Sorry, but this is poppycock. Yes there are many intellectually disabled adults who can choose to live lives which are very “ordinary”, to use the report’s word. Others can’t because they are too disabled. Inclusion Ireland’s Paddy Connolly agrees that the policy is better worked out for less disabled adults and Inclusion Ireland is currently focussing on a new policy for severe or profound cases, the very cases who tend to end up in “congregated settings”, 55% of whom are incontinent and 54% of whom have “challenging behaviour”, code for defiance and violence.

While the research quoted shows overall benefits to disabled adults of moving out of these settings “into the community”, some show “challenging behaviour” getting worse and another showed more sedation being used in these settings.
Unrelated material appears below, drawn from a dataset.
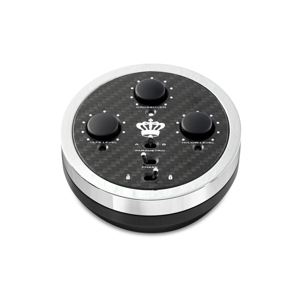 Ниже расположены три симпатичных металлических тумблера, отвечающих за важнейшие функции настройки. В нижней части находится переключатель включения/выключения пульта ДУ. Он расположен как можно дальше от дороги и остается включенным после включения, так и используется во время настройки без возможности случайного выключения. В центре находится регулятор фазы. Он используется только на начальном этапе для определения правильной фазы 0 или 180 градусов. Кроме того, сверху расположен двойной параметрический эквалайзер, обозначенный буквами A и B, позволяющий получить самые ровные и глубокие басы, а на другом конце диапазона низких частот – тонкую настройку поведения кроссовера. Это позволяет добиться идеального сочетания сабвуфера с основными колонками, а все остатки гула и резонанса, возникающие в помещении, можно аккуратно обрезать.

Paddy Connolly is adamant that no-one is incapable of living “in the community” with the right supports. He wants an end to warehouses such as Áras Attracta.

But he agrees there is no reason to be confident that those “right supports” will ever be in place. And he does not make clear to me how severely disabled adults might be enabled to live “in the community”. I am worried that closing residential provision will mean making elderly mothers and fathers, as carers, the next victims of our inability to look intellectual disability in the eye.

And I still have no answer to the question – who will care for Tom when I am gone?